No, not really, but it is like those bloggers who post enough to entice you. Please do not take it too personal, it is just that I see this a lot, sometimes even posting irrelevant material (Facebook links, etc.) when excerpts could provide the gist of the story.
If only Microsoft had actually purchased Yahoo. But no.
When you post, do you check the number of requests? Where do you draw the line? Is there any guidance for this function?
No, since I know that there are multitudes of articles pasted each day, and reader's time is valuable, and having to having to go to a link and thus add one more tab (I have hundreds open myself across 6 browsers) and often face the onslaught you refer to, then rather than providing a couple sentences or so, instead I try to include as much of the article as I reasonably can, trying to use "Reader's digest" type editing. Like here. And unless I am posting all of an article that I think can be so shared (one here) or a composition of my own as here, then for in copying and pasting most then I click on "this is an excerpt" in the article post page, since that allows 300 words, which excerpts I first paste in https://wordcounter.net/ to get the number.
The F12 view was a fun way to waste a morning! I found similar numbers at CNN and USAtoday A different article on Yahoo and left untended for a minute showed 1024 requests, an upper limit?...Breitbart, a site I avoid because it sometimes bogs down with crap, today was on good behavior and under 300, moved right along. THANK YOU for the how to.

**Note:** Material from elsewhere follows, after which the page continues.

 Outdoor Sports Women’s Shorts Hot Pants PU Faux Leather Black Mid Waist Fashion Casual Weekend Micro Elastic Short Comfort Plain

Wow. Glad you like the F12 feature, which is one the reasons I like Firefox, though besides two portable Quantum installations I actually run two profiles using the legacy Firefox ESR since that enables the many extensions that Firefox Quantum broke. Thank God for such tools. Image where we would be under socialism.

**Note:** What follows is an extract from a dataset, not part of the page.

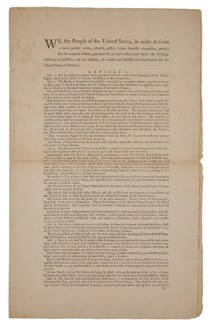 After the delegates signed the Constitution, Philadelphia printers John Dunlap and David Claypoole produced roughly 500 copies at their nearby shop on Second and Market Streets. Delegates, members of Congress, state governors, and even foreign ministers received the printings. See one of the 14 copies known to still exist in America’s Founding, opening Friday, February 13 for a special Presidents Day opening weekend.

Note that your CNN link made 1618 requests as I read the article???
Thanks again.
Screenshot of Chrome:
Yes, but since the excerpts provide testimony (even by CNN) that exposes antifa then reading the whole article is really not necessary, and in this instance it waters down the case. But did any of those 1618 requests vote for Biden?

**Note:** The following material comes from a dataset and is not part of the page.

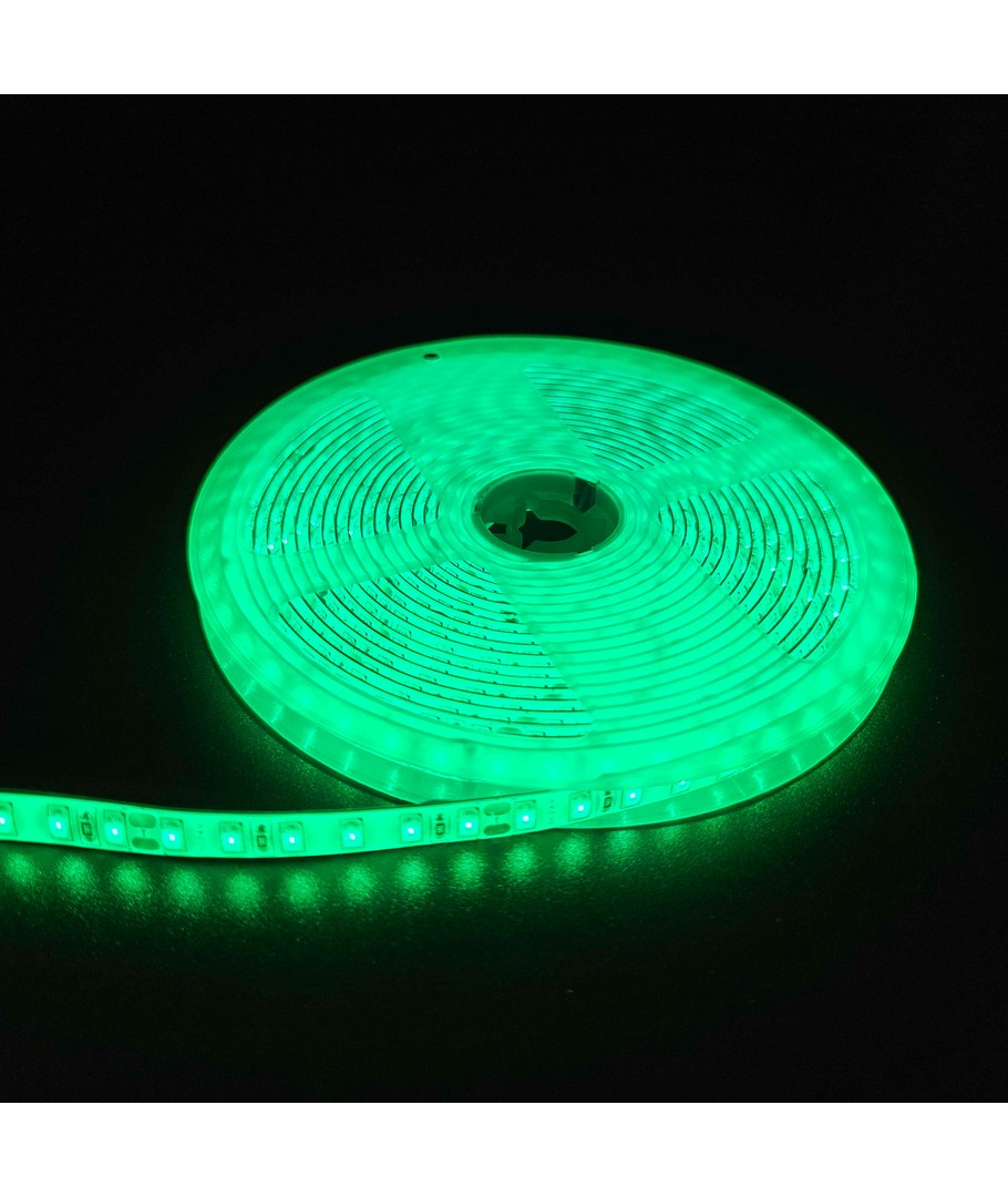 Skab en stemningsfuld belysning med denne grønne 10W/m LED strip på 5 meter, der har en klarere farve end RGB.

I was joking about ‘Morning Wood’, (You know, early morning erections?), not floating, not any sort of sadness towards Natalie. Got it?
Ruben Clamo’s strange daughter.
YES! I did that first thing to establish a baseline.
And was surprised by the differences; guessing, the more crap being sold the higher the number, also more non text components add to the total.
The totals are not always the same between Chrome and Firefox.
On this thread, Chrome shows 7, Firefox 6. FF does not list ‘common.css’; on this thread.
Running Chrome and FF side by side.
I’m using a big old HP Z420 dual xeon workstation with 2 monitors and Ubuntu 20.04, helps to keep the house warm.
Not a computer guy, but it was provided by my employer, when I retired they said,return the drive and keep the rest.
Thank you again, this is interesting stuff! (Yes, I’m easily amused)
Have a happy Thanksgiving!
Yes, and which is one reason more bandwidth and PC power is needed as years go on.
The totals are not always the same between Chrome and Firefox. On this thread, Chrome shows 7, Firefox 6. FF does not list ‘common.css’; on this thread.
In either case it is quite the contrast btwn FR and ad sites. www.breitbart.com shows over 100 requests in 30secs if you scroll.
Running Chrome and FF side by side.
At least. I have to use FF quantum portable if I want to also use FF legacy ESR, but i also run Chrome portable. That way it is all together can be transferred rather easily. Thank God.
’m using a big old HP Z420 dual xeon workstation with 2 monitors and Ubuntu 20.04, helps to keep the house warm. Not a computer guy, but it was provided by my employer, when I retired they said,return the drive and keep the rest.
Looks pretty good for its age if this is right. I have Linux on a rig that is mainly just used for the Internet. The one I am using is W/10 Pro (from a $30.00 upgrade to a retail channel W/8 years ago) on a home built rig. Thank God for what we can get and do.
Thank you again, this is interesting stuff! (Yes, I’m easily amused) Have a happy Thanksgiving!
Yes it is interesting, and have a good Thanksgiving indeed. Much to be thankful for.